Exercise directions:
Leave the pictures out and give every entry again exactly.

Records excerpted from a collection:
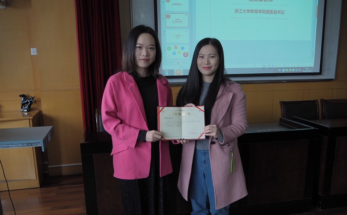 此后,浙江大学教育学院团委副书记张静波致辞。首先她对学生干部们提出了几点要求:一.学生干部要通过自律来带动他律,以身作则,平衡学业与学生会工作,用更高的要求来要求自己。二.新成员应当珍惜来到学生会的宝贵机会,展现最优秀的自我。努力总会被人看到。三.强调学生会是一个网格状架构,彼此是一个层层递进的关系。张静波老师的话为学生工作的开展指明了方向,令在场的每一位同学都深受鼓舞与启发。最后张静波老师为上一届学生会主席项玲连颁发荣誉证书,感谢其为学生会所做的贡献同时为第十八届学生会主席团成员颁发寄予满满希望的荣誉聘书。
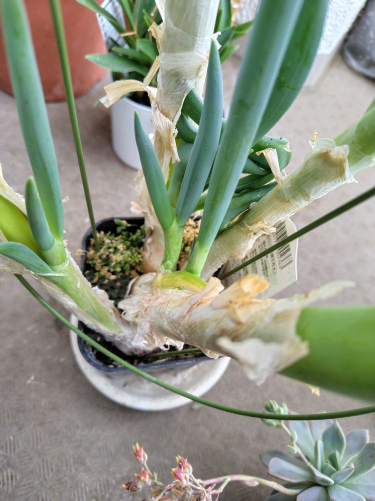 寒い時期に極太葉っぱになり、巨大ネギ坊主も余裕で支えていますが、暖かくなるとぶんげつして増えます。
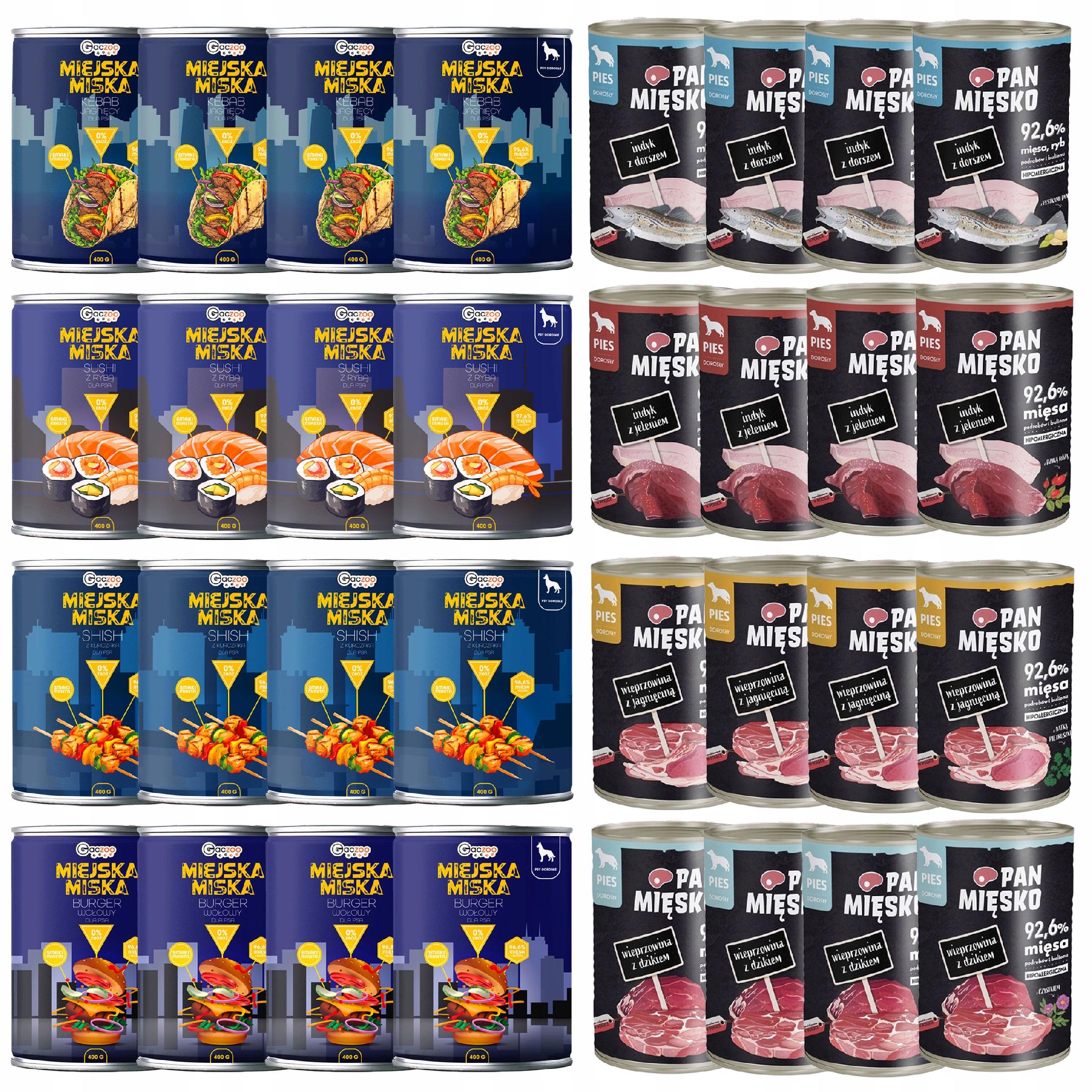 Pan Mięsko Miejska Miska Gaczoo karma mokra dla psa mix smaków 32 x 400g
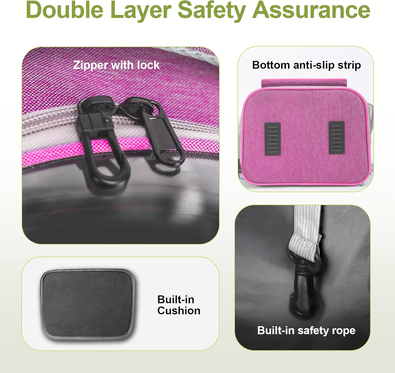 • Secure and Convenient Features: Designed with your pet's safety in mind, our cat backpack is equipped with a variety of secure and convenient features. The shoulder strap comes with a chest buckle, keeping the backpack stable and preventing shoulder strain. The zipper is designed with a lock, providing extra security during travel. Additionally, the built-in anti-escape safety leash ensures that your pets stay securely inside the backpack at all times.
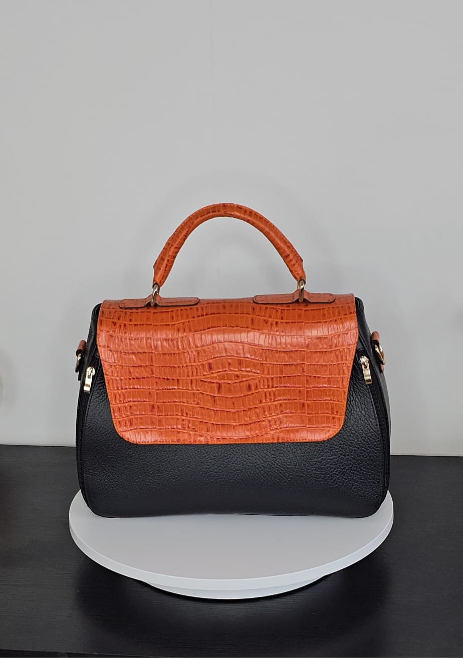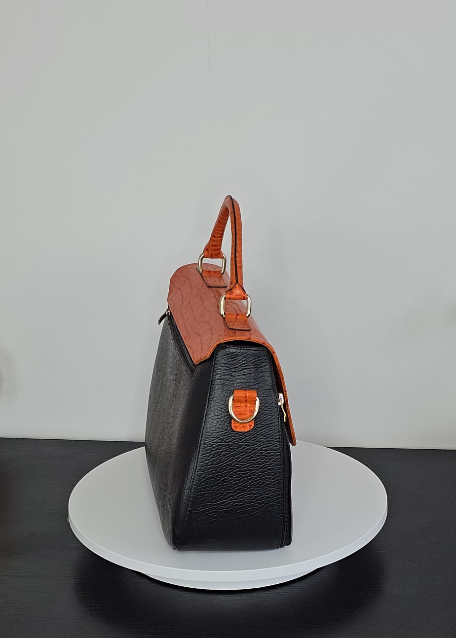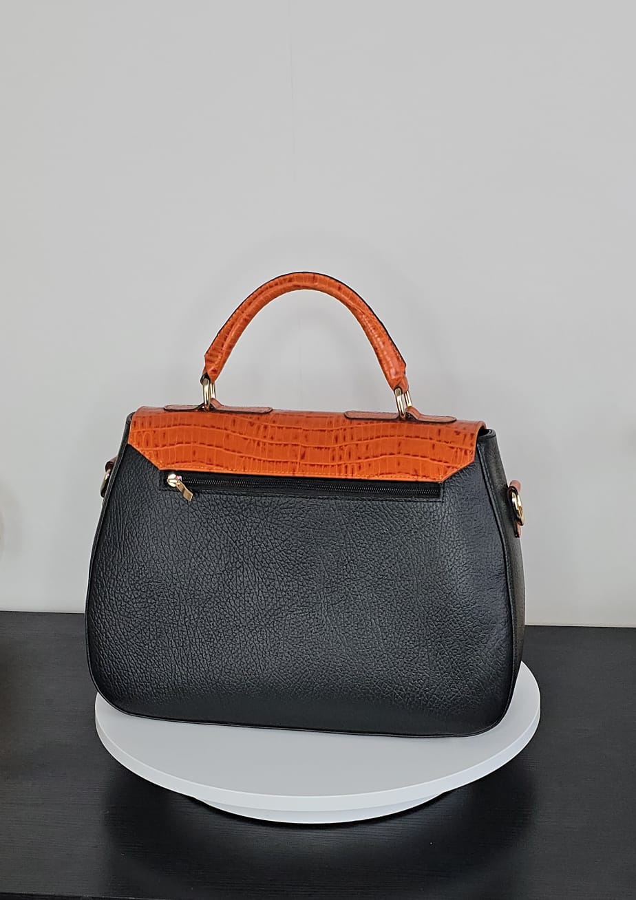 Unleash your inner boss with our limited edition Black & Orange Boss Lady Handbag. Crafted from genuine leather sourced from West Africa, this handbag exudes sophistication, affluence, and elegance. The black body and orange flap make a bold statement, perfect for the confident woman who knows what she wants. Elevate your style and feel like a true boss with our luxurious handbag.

Solution for this task:
 此后,浙江大学教育学院团委副书记张静波致辞。首先她对学生干部们提出了几点要求:一.学生干部要通过自律来带动他律,以身作则,平衡学业与学生会工作,用更高的要求来要求自己。二.新成员应当珍惜来到学生会的宝贵机会,展现最优秀的自我。努力总会被人看到。三.强调学生会是一个网格状架构,彼此是一个层层递进的关系。张静波老师的话为学生工作的开展指明了方向,令在场的每一位同学都深受鼓舞与启发。最后张静波老师为上一届学生会主席项玲连颁发荣誉证书,感谢其为学生会所做的贡献同时为第十八届学生会主席团成员颁发寄予满满希望的荣誉聘书。
 寒い時期に極太葉っぱになり、巨大ネギ坊主も余裕で支えていますが、暖かくなるとぶんげつして増えます。
 Pan Mięsko Miejska Miska Gaczoo karma mokra dla psa mix smaków 32 x 400g
 • Secure and Convenient Features: Designed with your pet's safety in mind, our cat backpack is equipped with a variety of secure and convenient features. The shoulder strap comes with a chest buckle, keeping the backpack stable and preventing shoulder strain. The zipper is designed with a lock, providing extra security during travel. Additionally, the built-in anti-escape safety leash ensures that your pets stay securely inside the backpack at all times.
 Unleash your inner boss with our limited edition Black & Orange Boss Lady Handbag. Crafted from genuine leather sourced from West Africa, this handbag exudes sophistication, affluence, and elegance. The black body and orange flap make a bold statement, perfect for the confident woman who knows what she wants. Elevate your style and feel like a true boss with our luxurious handbag.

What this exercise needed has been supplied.